Background: The U.S. Food and Drug Administration under an Emergency Use Authorization approved use of Paxlovid (nirmatrelavir and ritonavir) for the treatment of mild-to-moderate COVID-19 in adults and children with a positive test for SARS-Co-2 and who are at high risk for progression to severe COVID-19. Pregnant women are at increased risk of severe complications resulting from COVID-19 infection; however, minimal data on the safety of Paxlovid in human pregnancy are available.

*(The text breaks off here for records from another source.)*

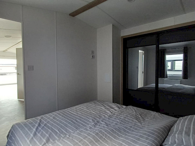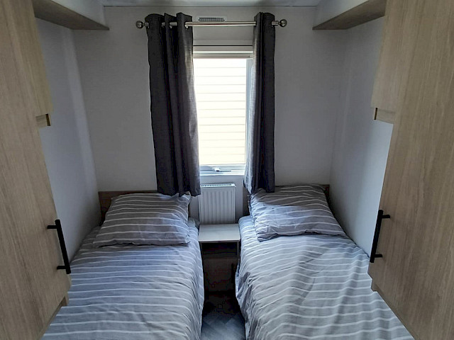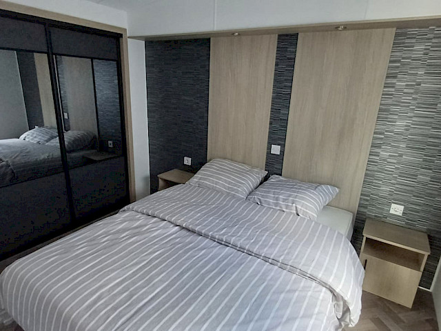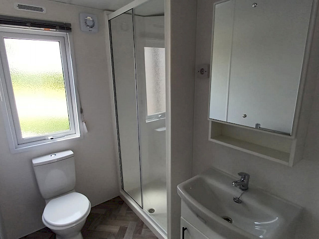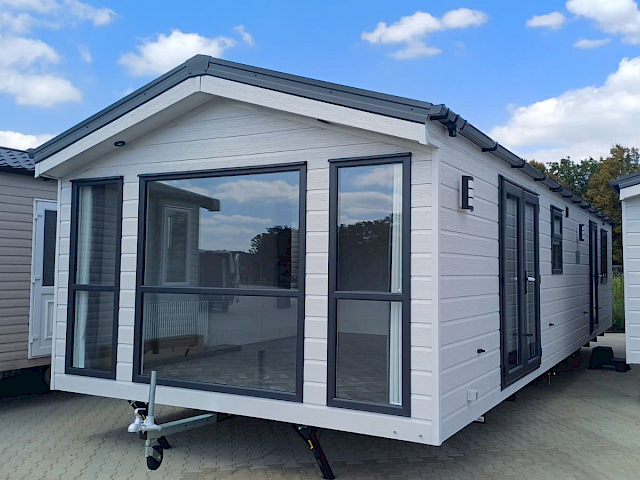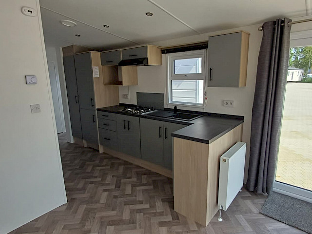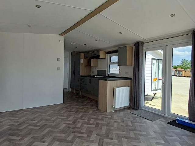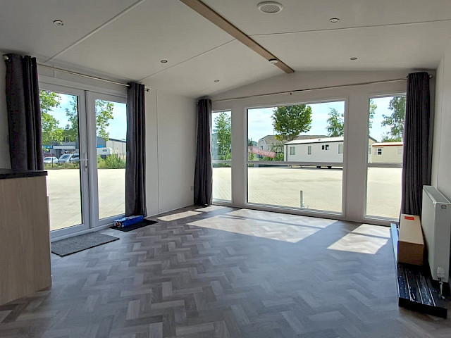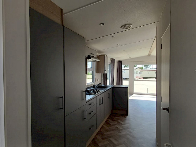 De Ocean stacaravan biedt alles wat u nodig heeft voor een comfortabel verblijf. De grote ramen en terrasdeuren zorgen voor een overvloed aan natuurlijk licht en een naadloze overgang naar buiten. De stijlvolle vinyl vloerbekleding in visgraatmotief geeft een moderne en warme uitstraling. De L-vormige keuken met elegante zwarte accenten is voorzien van een 4-pits fornuis en een ingebouwde koel/vries combinatie. Verder biedt de Ocean twee slaapkamers met voldoende opbergruimte en een badkamer met een ruime douchecabine en een toilet.
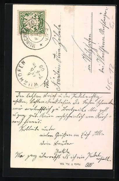 alte Ansichtskarte, gelaufen 1908, Eckknick re. oben, Oberflächenschaden re. oben, guter Zustand
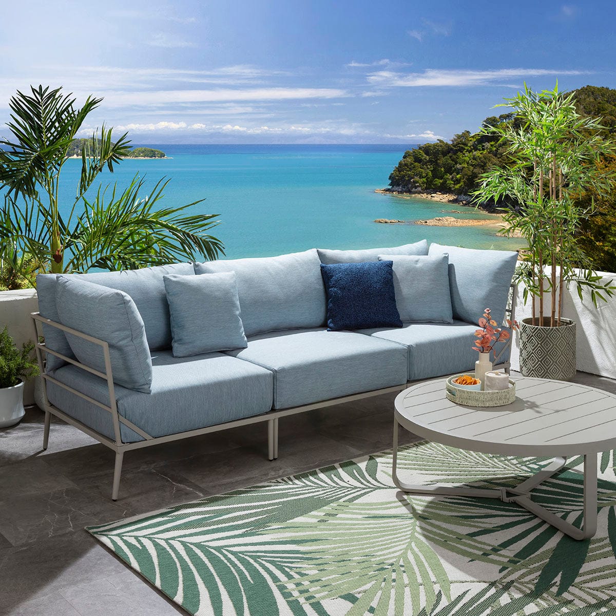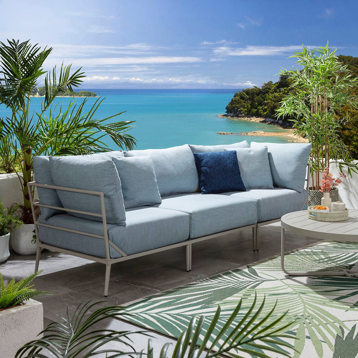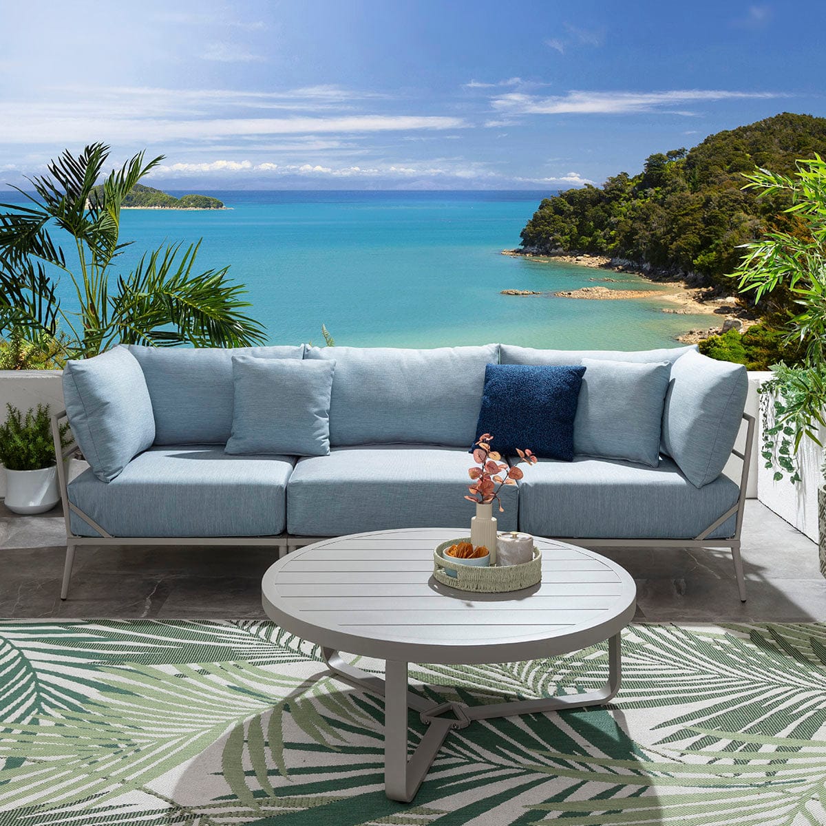 This modular outdoor sofa set in sky blue delivers a refined balance of comfort, scale, and durability for contemporary spaces. Designed as a modern garden sofa with modular flexibility, it adapts effortlessly to stylish outdoor spaces of all sizes. Featuring aluminium construction and generous cushioning, this metal garden sofa elevates patios with the presence of a luxury garden couch built for lasting outdoor living.

Objectives: The objectives of this study are to assess risks of major congenital malformations, spontaneous abortion, elective termination, stillbirth, preterm delivery, small for gestational age infants at birth, or infants who were small for age at one year in pregnancies/infants prenatally exposed to Paxlovid in pregnancy compared to individuals who did not receive this treatment.
Methods: This study involves prospective data from the Organization of Teratology Information Specialists (OTIS) Pregnancy Registry which enrolls pregnant women residing in the U.S. or Canada and captures data through maternal interviews and abstraction of medical records.
Results: Among pregnant women participating in the OTIS Pregnancy Registry as of February 1, 2023, 59 reported exposure to Paxlovid in pregnancy; 25.4% exposed within 30 days prior to last menstrual period and through the first trimester, 42.4% exposed in second trimester, and 32.2% exposed in the third trimester. As of January, 2023, 17 of those enrolled have completed pregnancy outcomes. One was lost to follow-up. Of the remainder, there were no adverse pregnancy outcomes reported.
Conclusions: Very limited data are available on this potentially beneficial treatment in pregnancy. To date, no serious signals for this exposure have been detected.